A General Overview of the 17th IABS Congress in Vienna (18–23 August 2014)

Participants registering and receiving the program from reception


On the way to Vienna for the 17th Congress of the International Association of Buddhist Studies (IABS) in the early morning of 18 August, the good memories of the 16th Congress at Dharma Drum Mountain (DDM) in Taipei automatically came to mind. It was my first visit to the historic city, with its strong background in art and music. As a postgraduate student, I was excited about the trip firstly because it presented a great opportunity to listen to the latest research on diverse topics in Buddhist Studies. More importantly, it was a valuable chance to meet world-renowned scholars and young researchers, to make new friends and catch up with old ones.

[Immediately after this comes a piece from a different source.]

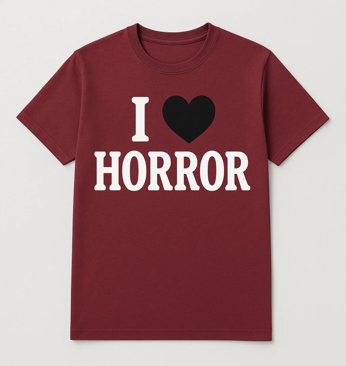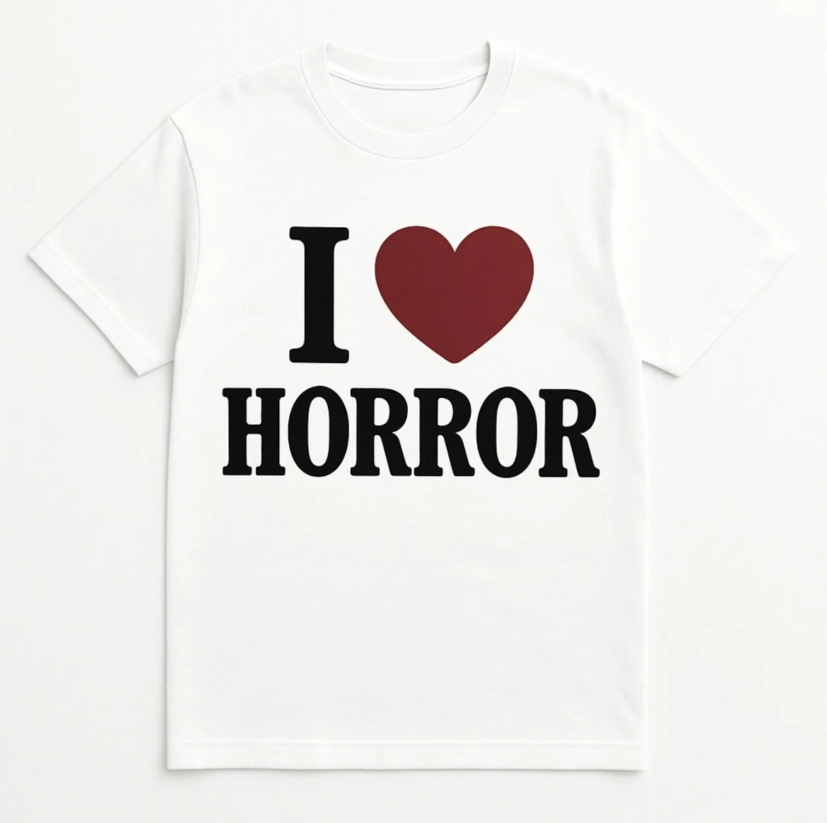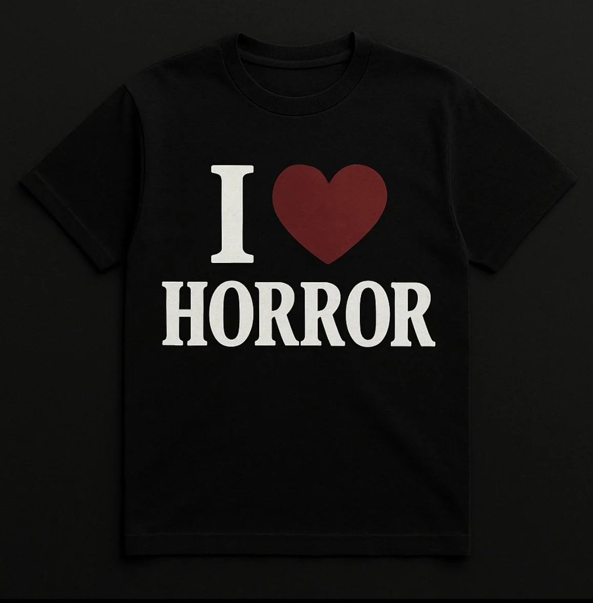 CREATING LOVE AT FIRST FRIGHT SHOP SHOP I 🖤 HORROR I 🖤 HORROR I 🖤 HORROR THE LATEST DROP BLACK TEE $30 RED TEE $30 WHITE TEE $30 I 🖤 HORROR I 🖤 HORROR I 🖤 HORROR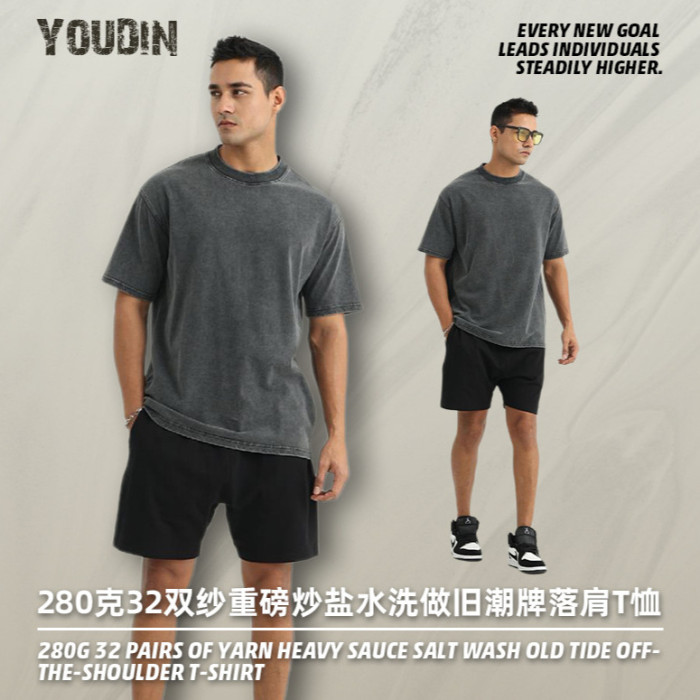 280克復古洗水做舊潮牌短袖T恤男寬松歐版oversize純棉T

In the afternoon of 18 August, the first day of the six-day event, nearly 400 participants gathered for the opening session at the Audimax, a large lecture theatre at the University of Vienna, the congress venue. First, the representatives of the organizing team, including Professor Susanne Weigelin-Schwiedrzik (vice-rector of the University of Vienna), Professor Christina Scherrer-Schaub (president of the IABS), and Professor Klaus-Dieter Mathes (chair of the IABS Planning Committee) offered welcome addresses to the participants, and then Professor Ernst Steinkellner gave a keynote speech on “Dharmakirti’s Method for Ascertaining Causality and its alleged failure to solve the induction problem,” in which he argued for a new interpretation of Dharmakirti’s translated statement for this method, thereby solving the problem for Dharmakirti’s context and purposes. In the evening, the organizers had arranged a reception in the garden of the main building. Unsurprisingly, I met my teachers and fellow scholars from the UK and saw familiar faces from Hong Kong and Taiwan, but I also came across some European friends whom I had not seen since the last congress three years earlier.

Professor Ernst Steinkellner giving keynote speech on “Dharmakirti’s Method for Ascertaining Causality and its alleged failure to solve the induction problem”

Background of the University of Vienna

The host of this congress, the University of Vienna, was founded by Duke Rudolf IV (1339–65), and is one of the oldest universities in Europe—it will celebrate its 650th anniversary in 2015. Indeed, the philological basis for Buddhist Studies also has a long history in Vienna. Since Anton Boller started teaching Sanskrit at the university in 1845, the academic tradition has been continued by his successors, such as Friedrich Müller in the past century. With the advantages of the Austrian education system, the University of Vienna has established a firm place in Indian and Tibetan Buddhist Studies, with experts on subjects such as epistemology, logic, Madhyamaka, Mahamudra, and Tantra.

Academic Program

The academic program formally took place from 19–23 August at Juridicum, the Law School building of the university. There were over 400 active presenters overall, in 35 panels and 25 sections. While the panels were organized by individual conveners under various themes and the panel members invited in June 2012, the sections were arranged by the conference planning committee, with abstract submission after June 2013. As Professor Klaus-Dieter Mathes mentioned in his invitation letter, “Notwithstanding the fact that the increasing number of panels reflects the growing interest in specific fields, such proliferation jeopardizes the original spirit of the IABS Congress.” He stressed that the purpose of the conference was to demonstrate the wide variety of individual research, to promote collaboration, and to publicize new findings within all fields of research, creating opportunities for open discussion. Therefore, unlike last time at DDM, each participant was restricted to presenting a single paper of 20 minutes, with 10 minutes for discussion at the end. It had also been suggested to limit the number of panels to 20; however, this proved too great a restriction.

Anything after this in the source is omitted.